### TASK DIRECTIONS
Would you repeat the data below exactly, taking out the images?
##### EXERCISE MATERIAL
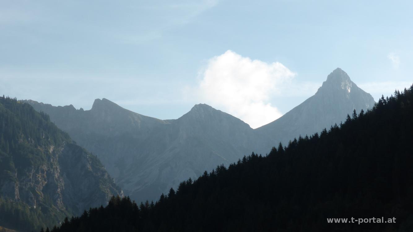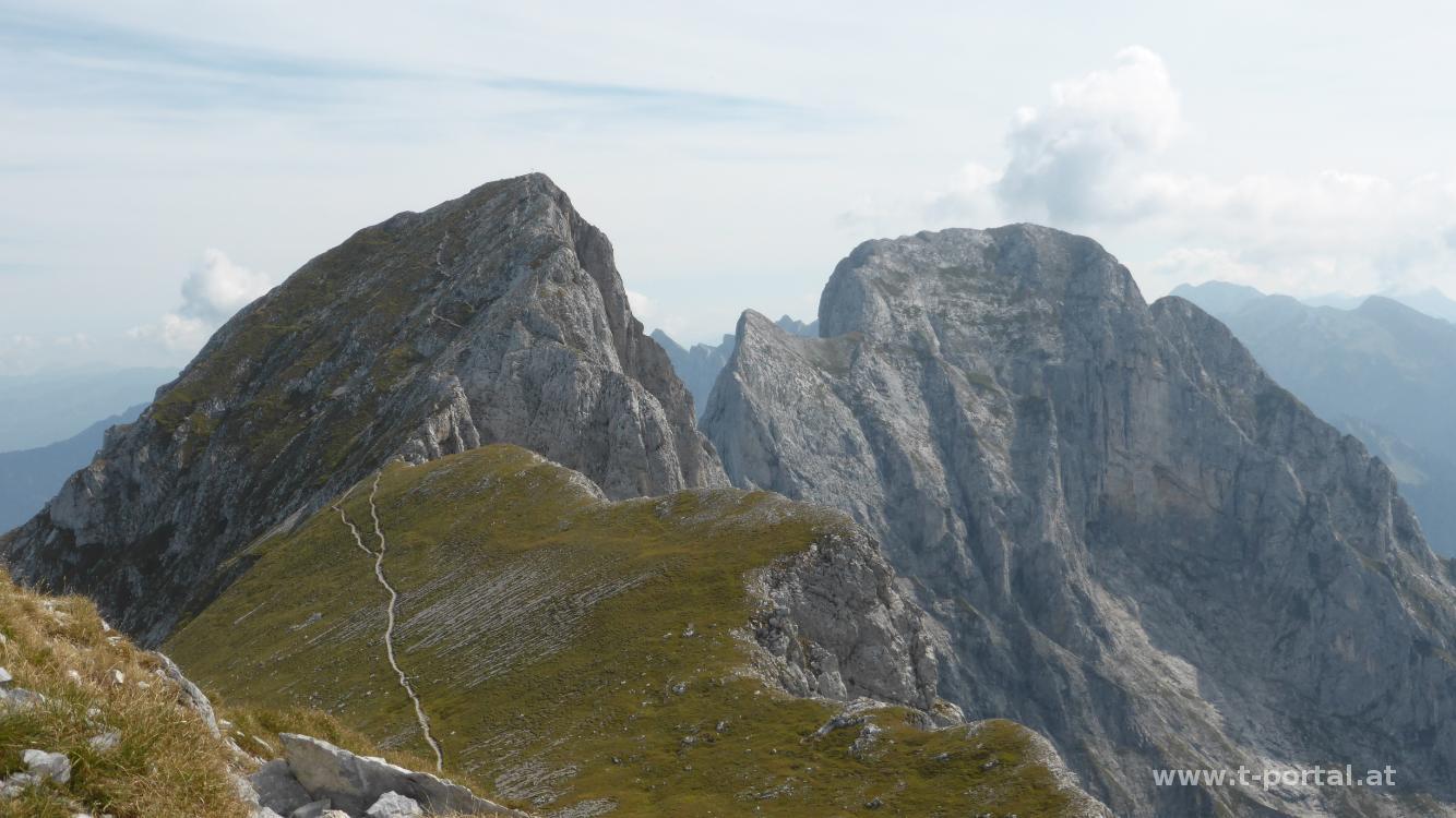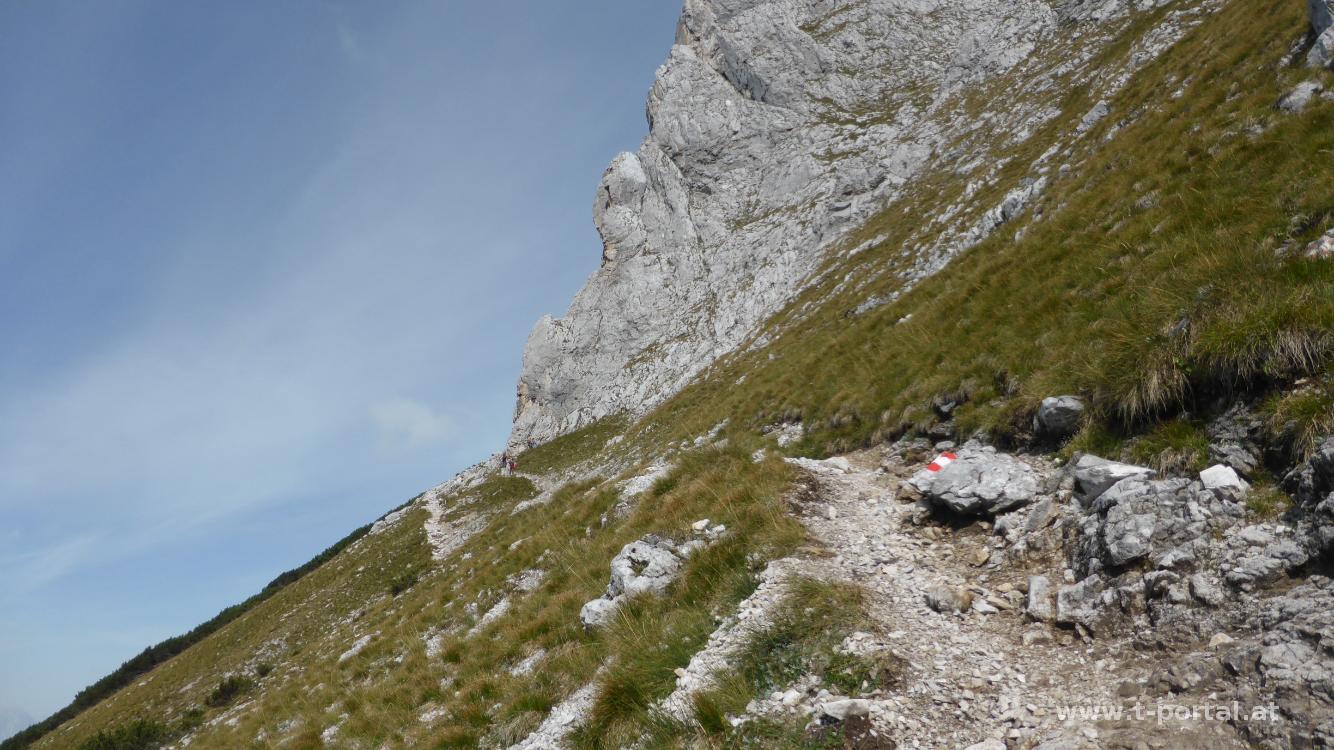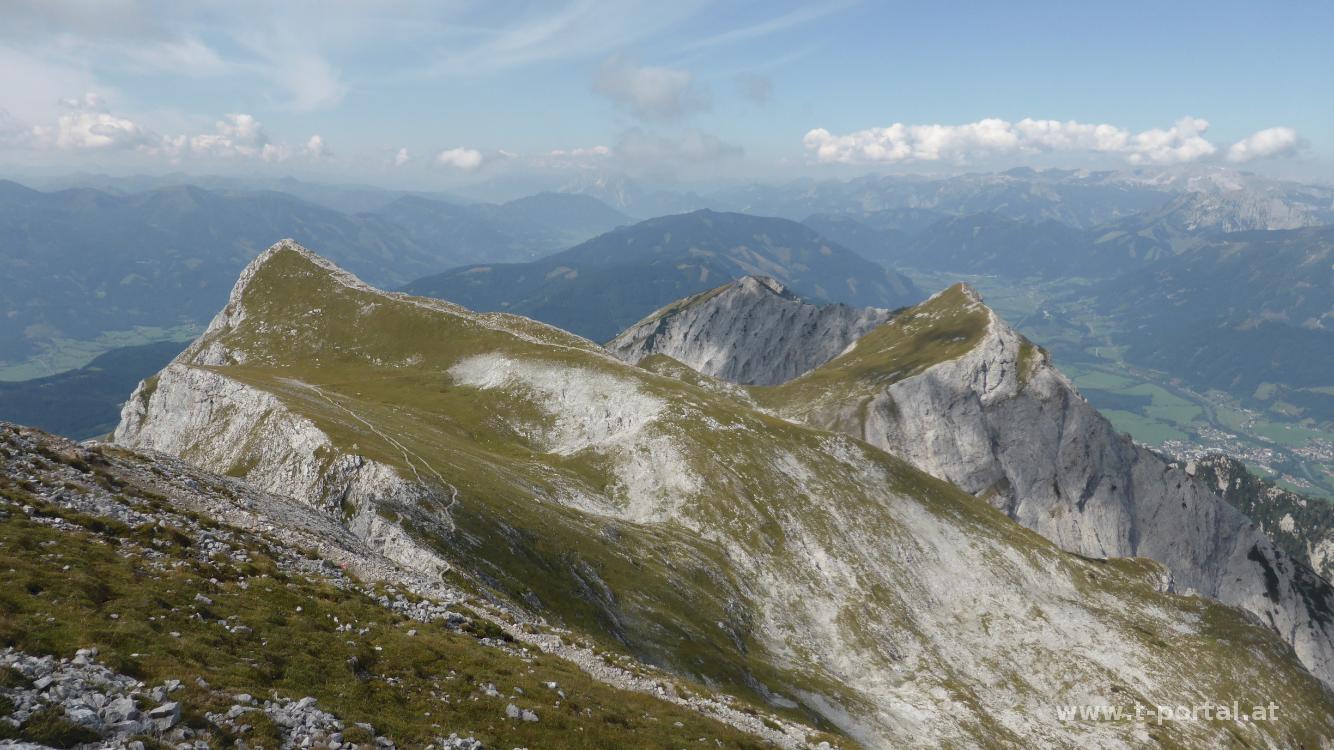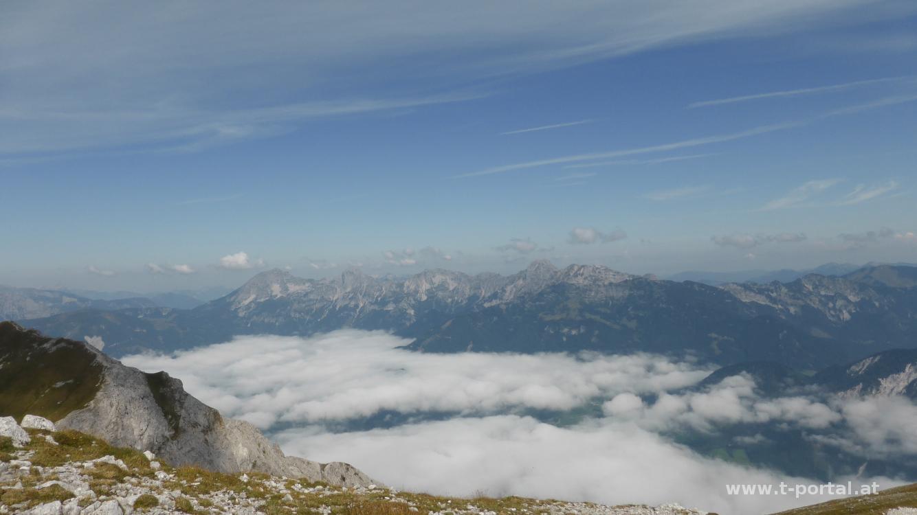 Nun geht es zuerst rechts bergan, bevor man nach links kehrt und unterhalb der Kalblingwand weiter wandert. Zwischendurch seh ich ein paar Kletterer und den Dachstein am Horizont, während im Tal noch die Wolken hängen. Nach Umschreitung der Wand gelangt man zur Kreuzung Richtung Riffel und Kalbling/Sparafeld. Ich wende mich nach rechts und nach einigen Kehren über Stein und Wiese hab ich Ausblick zu den Gipfeln von Sparafeld und Kalbling. Wenig später steh ich am Kalbling und habe ein schönes Panorama über die weiteren Ziele. Ich kann sogar prüfen, ob mein Auto noch am Parkplatz steht.
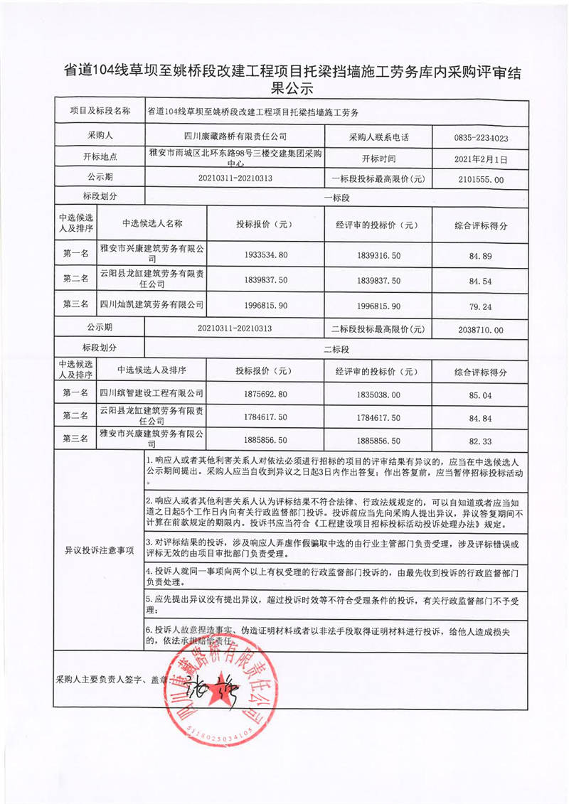 四川康藏路桥有限责任公司省道104线草坝至姚桥段改建工程项目托梁挡墙施工劳务库内采购评审结果公示
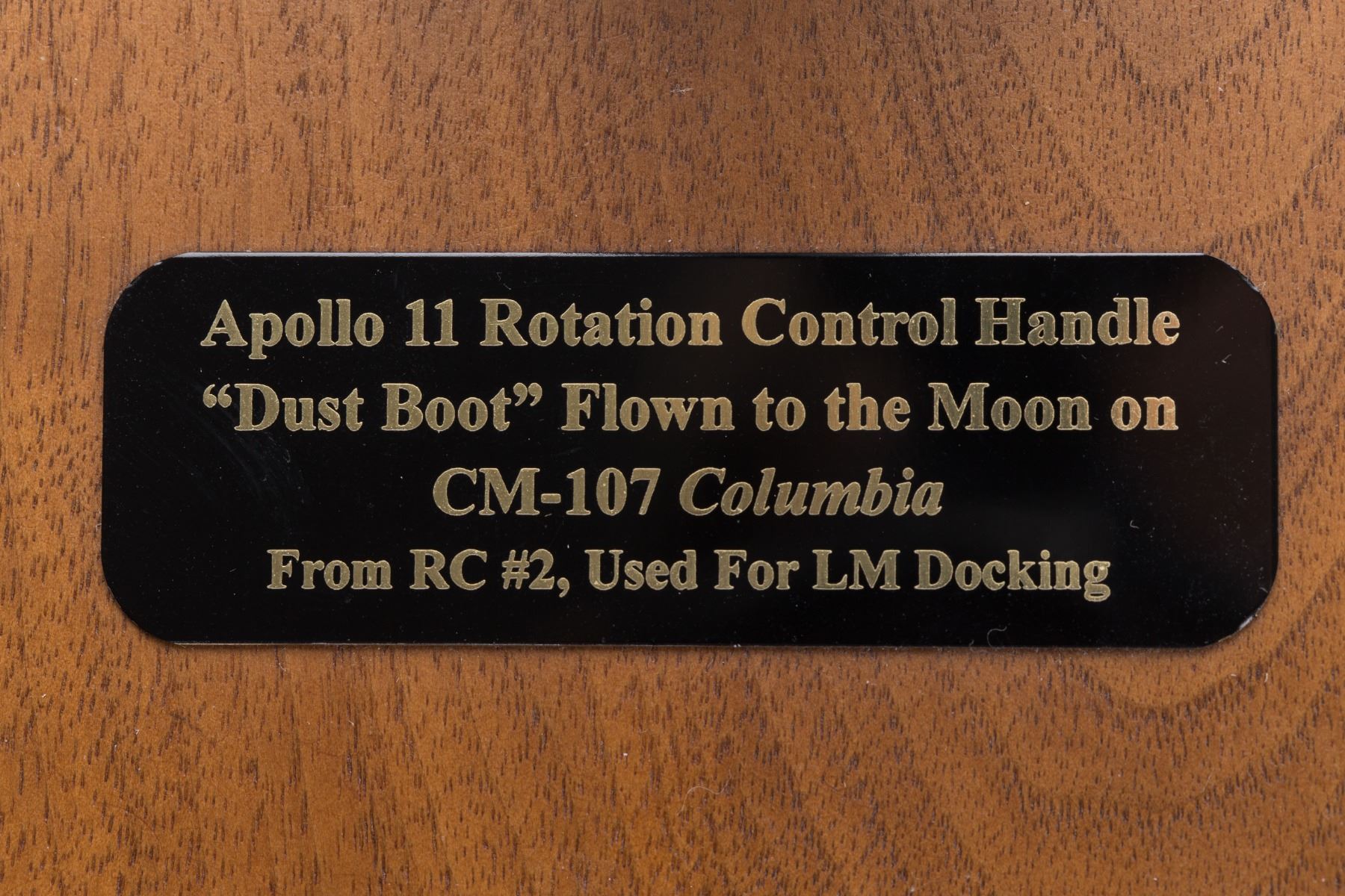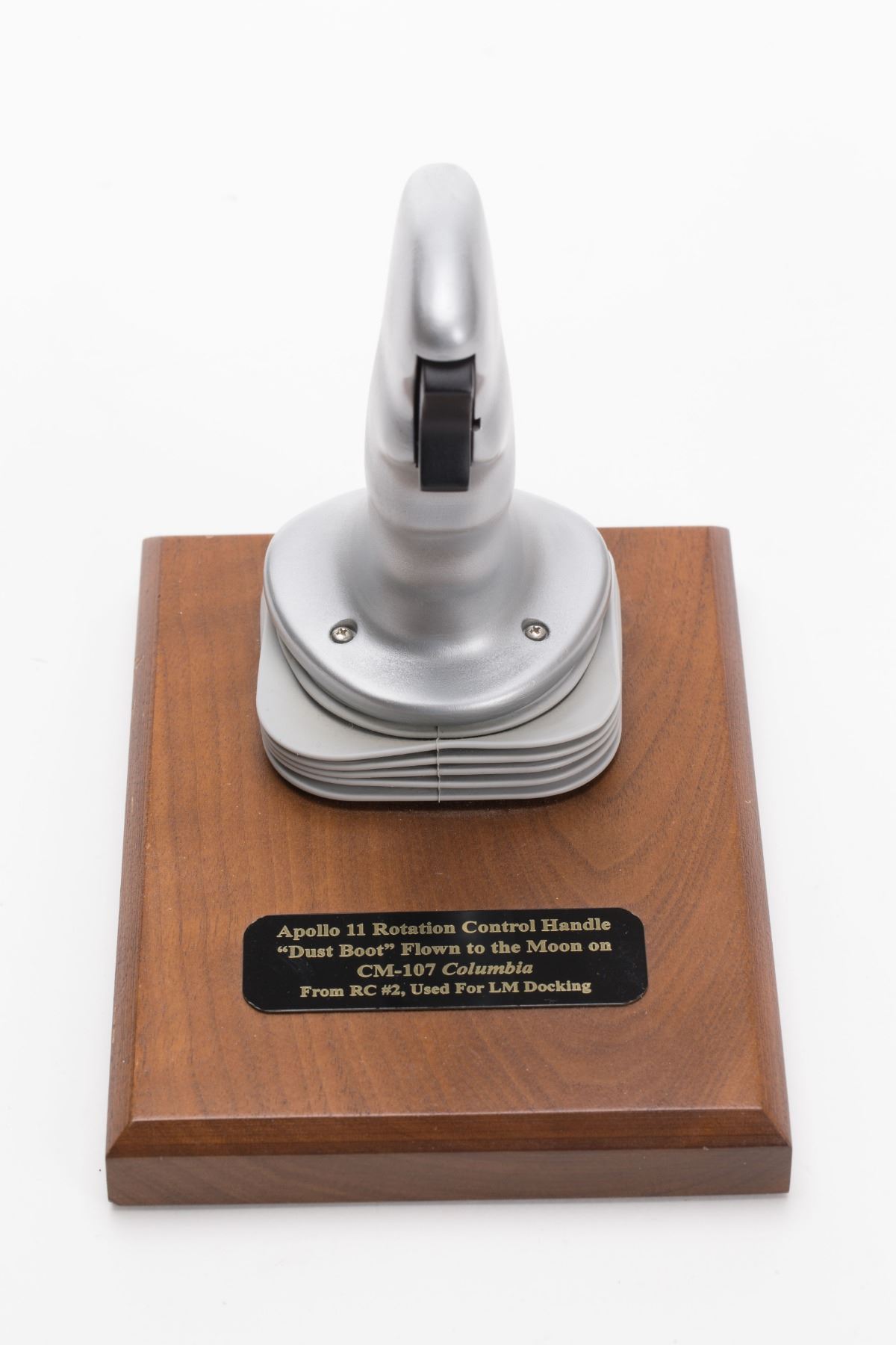 Flown Apollo 11 Command Module Rotation Hand Controller Dust Boot removed from the base of Rotation Controller #2, located between the middle and left seats. This controller was used for docking the Command Module to the Lunar Module. The gray rubber dust boot has five accordion-like segments, and is displayed on a plaque with a replica of the 'joystick-type' hand controller grip. The wooden plaque features an engraved plate, reading: "Apollo 11 Rotation Control Handle 'Dust Boot' Flown to the Moon on CM-107 Columbia, From RC #2, Used for LM Docking." In fine condition. Accompanied by a letter of provenance. A unique flown piece that was utilized in the critical LM/CM docking sequence during man's first lunar landing mission.
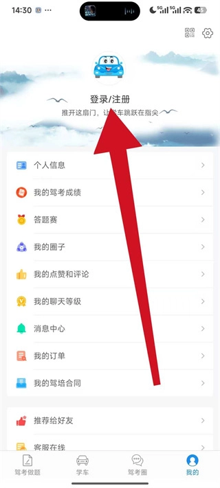 3、在我的页面上方,点击登录注册区域,进入登录选择页面。
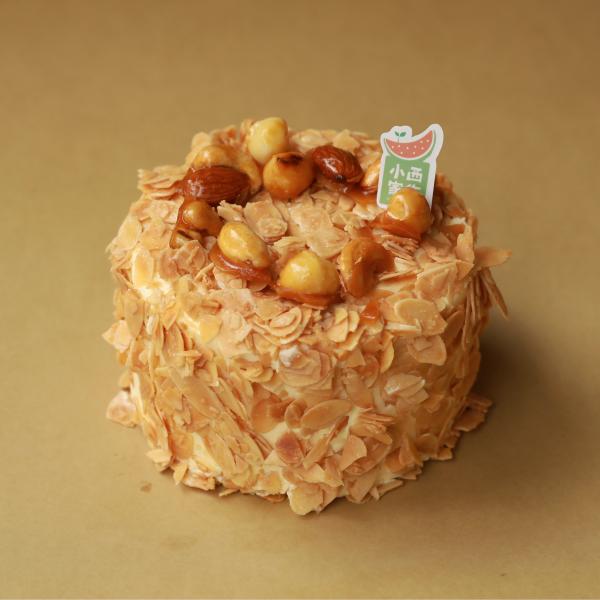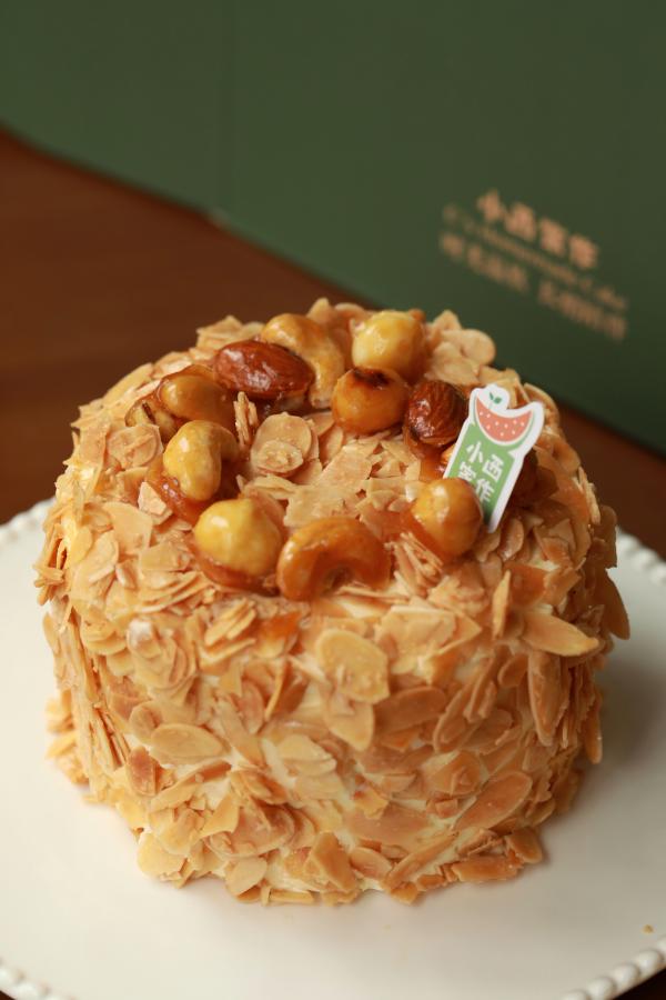 蛋糕底依然是小西家作最传统的牛乳戚风,柔软绵密,和海盐奶油琥珀坚果配在一起,没什么人能抗拒。
##########
### RESPONSE TO THE TASK
 Nun geht es zuerst rechts bergan, bevor man nach links kehrt und unterhalb der Kalblingwand weiter wandert. Zwischendurch seh ich ein paar Kletterer und den Dachstein am Horizont, während im Tal noch die Wolken hängen. Nach Umschreitung der Wand gelangt man zur Kreuzung Richtung Riffel und Kalbling/Sparafeld. Ich wende mich nach rechts und nach einigen Kehren über Stein und Wiese hab ich Ausblick zu den Gipfeln von Sparafeld und Kalbling. Wenig später steh ich am Kalbling und habe ein schönes Panorama über die weiteren Ziele. Ich kann sogar prüfen, ob mein Auto noch am Parkplatz steht.
 四川康藏路桥有限责任公司省道104线草坝至姚桥段改建工程项目托梁挡墙施工劳务库内采购评审结果公示
 Flown Apollo 11 Command Module Rotation Hand Controller Dust Boot removed from the base of Rotation Controller #2, located between the middle and left seats. This controller was used for docking the Command Module to the Lunar Module. The gray rubber dust boot has five accordion-like segments, and is displayed on a plaque with a replica of the 'joystick-type' hand controller grip. The wooden plaque features an engraved plate, reading: "Apollo 11 Rotation Control Handle 'Dust Boot' Flown to the Moon on CM-107 Columbia, From RC #2, Used for LM Docking." In fine condition. Accompanied by a letter of provenance. A unique flown piece that was utilized in the critical LM/CM docking sequence during man's first lunar landing mission.
 3、在我的页面上方,点击登录注册区域,进入登录选择页面。
 蛋糕底依然是小西家作最传统的牛乳戚风,柔软绵密,和海盐奶油琥珀坚果配在一起,没什么人能抗拒。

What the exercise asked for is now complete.